Number of uninsured rises

Published 12:00 am Monday, October 13, 2003

By Dan Juneau -The LABI Report

Last year, approximately 2.4 million joined the ranks of individuals who are not covered by a health insurance policy. A double-digit rise in the cost of health insurance premiums, job losses, and financially stressed businesses were some of the factors propelling this rise in the uninsured.

According to the Census Bureau, some form of health insurance currently does not cover some 43.6 million Americans. The percentage of the population that is uninsured rose from 14.6 percent in 2002 to 15.2 percent in 2003. Increases in the uninsured rate covered most demographic categories-whites, blacks, people in the age group 18-64, and both middle-income and high-wage earners. The almost universal nature of the growing number of uninsured Americans reflects the broad scope of the recession that spread across the nation last year.

The good news is that the long-awaited national economic recovery seems to be arriving at last. The stock market rebounded this year, restoring some of the individual net worth that had severely eroded in the last few years. Personal income rose significantly in both July and August. Perhaps the most important indication that things are turning around on the job front has to do with the increase of direct employment. Almost 60,000 jobs were added in September (the first increase in seven months), and the unemployment rate held steady.

Certainly an improving economy is the best remedy for the growing number of Americans without health insurance, since most get their health care coverage from private employment or a government program.

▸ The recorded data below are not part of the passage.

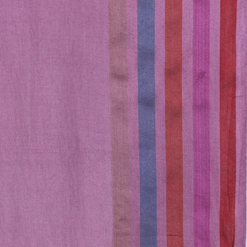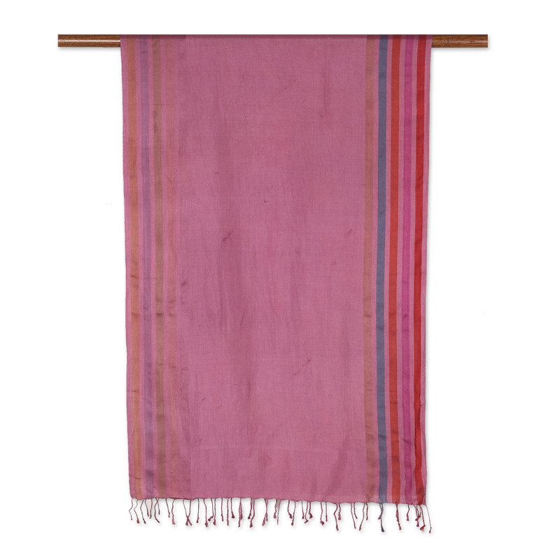 Backed by our Happiness GuaranteeWith a stunning design that complements several styles, this charming silk shawl has a mauve tone enhanced with colorful stripes. Presented by Khitish, this lovely garment is handloomed in India with traditional techniques.
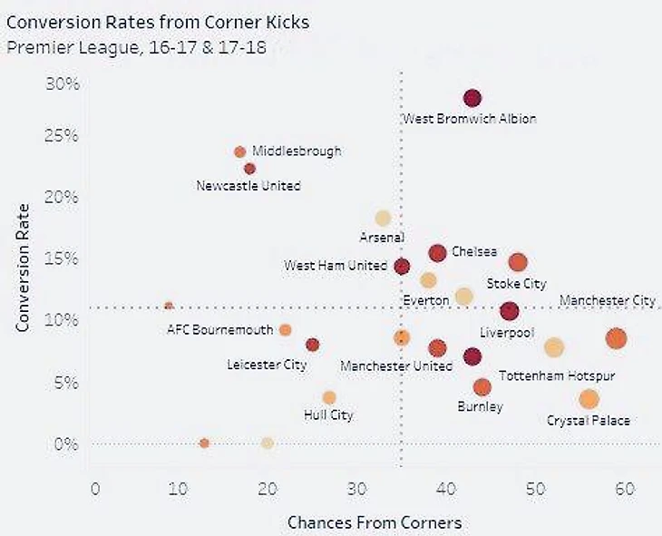 очевидно, что больше всего из стандартов должны выжимать команды, которые мало что могут создать с игры. и самым результативным становится «Вест Бромвич», который ещё при Тони Пьюлисе забил 12 голов при 43 ударах после угловых: 28% конверсии — лучший показатель лиги.
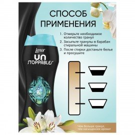 Добавьте кондиционер для белья прямо в барабан стиральной машины перед началом стирки. Гранулы мгновенно растворяются даже в холодной воде, проникая в каждое волокно ткани и делая ее более эластичной. Рекомендуется использовать 13,5 г на стирку до 5 кг белья. Интенсивность аромата можно регулировать, изменяя количество кондиционера в гранулах.
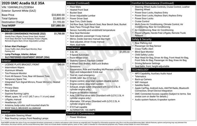 120-Volt Power Outlet, 155 Amp Alternator, 3rd row seats: split-bench, 4-Way Manual Driver Seat Adjuster, 4-Way Manual Passenger Seat Adjuster, 4-Wheel Disc Brakes, 6 Speakers, 6-Speaker Audio System Feature, 7-Passenger (2-3-2 Seating Configuration), 8-Way Power Driver Seat Adjuster, ABS brakes, Air Conditioning, Alloy wheels, AM/FM radio: SiriusXM, Apple CarPlay/Android Auto, Automatic temperature control, Brake assist, Brushed Aluminum Roof Rails, Bumpers: body-color, Compass, Delay-off headlights, Driver Convenience Package, Driver door bin, Driver vanity mirror, Dual front impact airbags, Dual front side impact airbags, Electronic Stability Control, Emergency communication system: OnStar and GMC connected services capable, Four wheel independent suspension, Front anti-roll bar, Front Bucket Seats, Front Center Armrest, Front dual zone A/C, Front License Plate Bracket, Front reading lights, Fully automatic headlights, Hands Free Power Programmable Liftgate, Heated door mirrors, Heated Driver & Front Passenger Seats, Illuminated entry, Knee airbag, Low tire pressure warning, Occupant sensing airbag, Outside temperature display, Overhead airbag, Overhead console, Panic alarm, Passenger door bin, Passenger vanity mirror, Power door mirrors, Power Driver Lumbar Control Seat Adjuster, Power steering, Power windows, Preferred Equipment Group 3SA, Premium audio system: GMC Infotainment System, Premium Cloth Seat Trim, Radio data system, Radio: AM/FM w/8 Diagonal Multi-Touch Display, Rear air conditioning, Rear anti-roll bar, Rear reading lights, Rear seat center armrest, Rear window defroster, Rear window wiper, Remote keyless entry, Remote Start, Security system, SiriusXM Radio, Speed control, Speed-sensing steering, Split folding rear seat, Spoiler, Steering wheel mounted audio controls, Tachometer, Telescoping steering wheel, Tilt steering wheel, Traction control, Trip computer, Turn signal indicator mirrors, Variably intermittent wipers, Voltmeter, Wheels: 18 Machined Aluminum w/Dark Accents. 2020 GMC Acadia Clean CARFAX.

An improving labor market will result in more individuals being covered through their employer, and higher employment and a stronger economy mean governments have more revenue to provide health care coverage to the poor. As the economy improves, the ranks of uninsured should begin to drop. But higher employment and renewed economic vitality alone will not solve the problem of many individuals going without health insurance.

Skyrocketing health care costs are reflected in the soaring cost of health insurance premiums. In the last year alone, health insurance premiums increased by approximately 14 percent. According to one leading health care research group, an average family health insurance policy now costs slightly more than $9,000. The high out-of-pocket cost to families is causing more of them to choose to go without medical insurance in order to prevent a drop in their standard of living. While that may not be a wise choice on their part, it is a choice that many of them are making.

One of the solutions to the health insurance crisis is for government to stop making the problem worse. Providing new health care entitlements without putting up the money to pay for them is the customary ploy of governments. Providers are then squeezed to keep the cost to government low, and the cost pressure is shifted to the private sector. There are limits to what business can absorb in health care costs, and when those limits are exceeded, employees either lose coverage or see a reduction in benefits.

Another governmentally imposed cost factor are health care mandates. Federal and state governments love to tell employers what they must cover if they offer insurance. These mandated offerings add to the costs of providing insurance.

To make a dent in the rising number of Americans without health insurance, a strong economy needs to put more individuals back to work-and government needs to stop engaging in practices that drive up the cost of health insurance in the private sector.